[DATA SECTION]
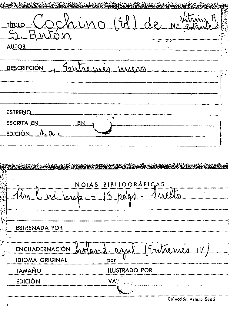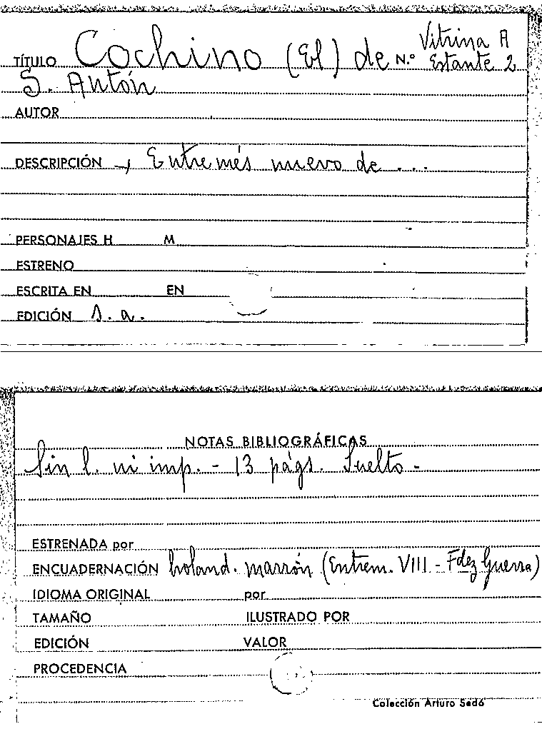 0112 VIT-043/09 Enquadernació holandesa marró amb puntes, nervis, guardes marbrejades, daurat al llom: Fernandez Guerra / Entremeses / I. Exemplar guillotinat afectant al text (15,30 cm). Etiqueta d'antic topogràfic al full de guarda volant anterior: Vitrina A Estante 2. Part del títol ratllat i substituït "nuevo" per "famoso" i "cochino" per "puerco". Les 4 primeres pàgines porten nombroses anotacions en el text i també banderoles amb text manusrit enganxades que volen substituir el text imprès. Anotació manuscrita en full [] davant del la pàgina de titol: "2643". Sumari manuscrit als fulls de guarda anterior de les obres que conté el volum, en el full de guarda de davant l'índex la següent anotació manuscrita en tinta negra: " 2656 al 2687 / Entremeses, contiene / ediciones del siglo XVII y XVIII / Algunas con viñeta / Marginaciones y apostillas / de letra de D. Aureliano / Fernández Guerra / Sin indice. A llapis: "Tomo 195. Fz Guerra. Relligat a la col·lecció factícia: Fernandez Guerra / Entremeses / I
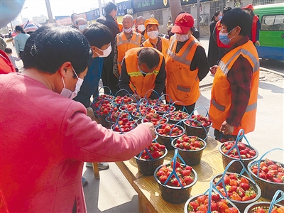 (記者 朱 紅 見習(xí)記者 黨夢琦)“新鮮的草莓,每位環(huán)衛(wèi)工可以免費(fèi)領(lǐng)一籃。”4月15日,在市區(qū)緯一路愛心粥屋門前,負(fù)責(zé)人高紅熱情地招呼著前來領(lǐng)取草莓的環(huán)衛(wèi)工。
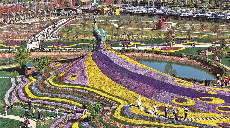 春节前,坐落于昆明市呈贡区斗南滇池湿地公园旁的七彩花海公园2月5日正式对外开放,公园围绕巨型孔雀花雕打造十大特色景观区域,成为滇池沿岸供市民游客赏花休闲的新去处。图为2月6日,游客在昆明七彩花海公园参观游览。
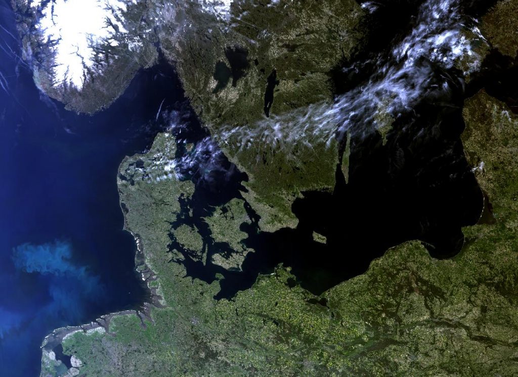 The photograph, by the Sentinel-3B satellite, captures a rare, cloud-free day over Northern Europe. Can you spot the snow-covered mountains in Norway or a plume of phytoplankton in the North Sea?

[TASK DESCRIPTION] Omit the pictures and reproduce the listing exactly.

[ANSWER]
 0112 VIT-043/09 Enquadernació holandesa marró amb puntes, nervis, guardes marbrejades, daurat al llom: Fernandez Guerra / Entremeses / I. Exemplar guillotinat afectant al text (15,30 cm). Etiqueta d'antic topogràfic al full de guarda volant anterior: Vitrina A Estante 2. Part del títol ratllat i substituït "nuevo" per "famoso" i "cochino" per "puerco". Les 4 primeres pàgines porten nombroses anotacions en el text i també banderoles amb text manusrit enganxades que volen substituir el text imprès. Anotació manuscrita en full [] davant del la pàgina de titol: "2643". Sumari manuscrit als fulls de guarda anterior de les obres que conté el volum, en el full de guarda de davant l'índex la següent anotació manuscrita en tinta negra: " 2656 al 2687 / Entremeses, contiene / ediciones del siglo XVII y XVIII / Algunas con viñeta / Marginaciones y apostillas / de letra de D. Aureliano / Fernández Guerra / Sin indice. A llapis: "Tomo 195. Fz Guerra. Relligat a la col·lecció factícia: Fernandez Guerra / Entremeses / I
 (記者 朱 紅 見習(xí)記者 黨夢琦)“新鮮的草莓,每位環(huán)衛(wèi)工可以免費(fèi)領(lǐng)一籃。”4月15日,在市區(qū)緯一路愛心粥屋門前,負(fù)責(zé)人高紅熱情地招呼著前來領(lǐng)取草莓的環(huán)衛(wèi)工。
 春节前,坐落于昆明市呈贡区斗南滇池湿地公园旁的七彩花海公园2月5日正式对外开放,公园围绕巨型孔雀花雕打造十大特色景观区域,成为滇池沿岸供市民游客赏花休闲的新去处。图为2月6日,游客在昆明七彩花海公园参观游览。
 The photograph, by the Sentinel-3B satellite, captures a rare, cloud-free day over Northern Europe. Can you spot the snow-covered mountains in Norway or a plume of phytoplankton in the North Sea?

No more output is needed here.